* _About this exercise_: Beneath this line are entries. Copy the range from the line with "Familiarize yourself with" to the line with "1、每周累计在线时间在线送钻石改为在线送活跃令。", ends included, exactly; leave pictures out.

* _Data excerpts_:

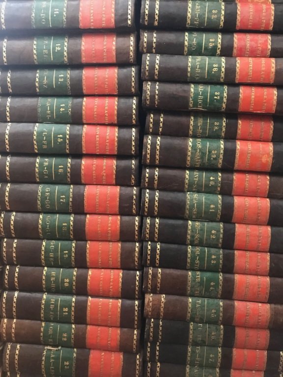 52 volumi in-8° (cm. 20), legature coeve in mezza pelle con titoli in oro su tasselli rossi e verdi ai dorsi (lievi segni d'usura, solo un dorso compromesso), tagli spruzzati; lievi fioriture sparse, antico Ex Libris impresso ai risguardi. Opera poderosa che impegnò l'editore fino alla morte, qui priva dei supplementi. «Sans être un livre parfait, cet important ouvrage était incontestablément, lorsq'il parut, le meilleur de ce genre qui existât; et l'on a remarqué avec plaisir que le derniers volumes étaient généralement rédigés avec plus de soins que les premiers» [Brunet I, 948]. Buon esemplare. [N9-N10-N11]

--

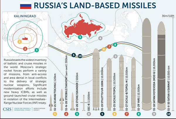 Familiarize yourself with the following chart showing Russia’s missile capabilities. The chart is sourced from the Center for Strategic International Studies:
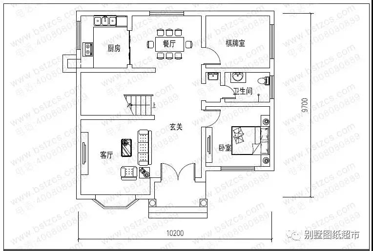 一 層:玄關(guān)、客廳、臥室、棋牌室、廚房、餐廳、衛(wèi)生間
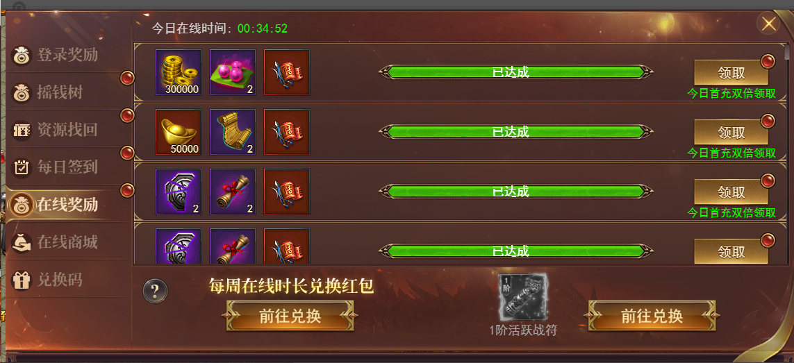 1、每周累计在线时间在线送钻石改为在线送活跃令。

* _Response area_:
 Familiarize yourself with the following chart showing Russia’s missile capabilities. The chart is sourced from the Center for Strategic International Studies:
 一 層:玄關(guān)、客廳、臥室、棋牌室、廚房、餐廳、衛(wèi)生間
 1、每周累计在线时间在线送钻石改为在线送活跃令。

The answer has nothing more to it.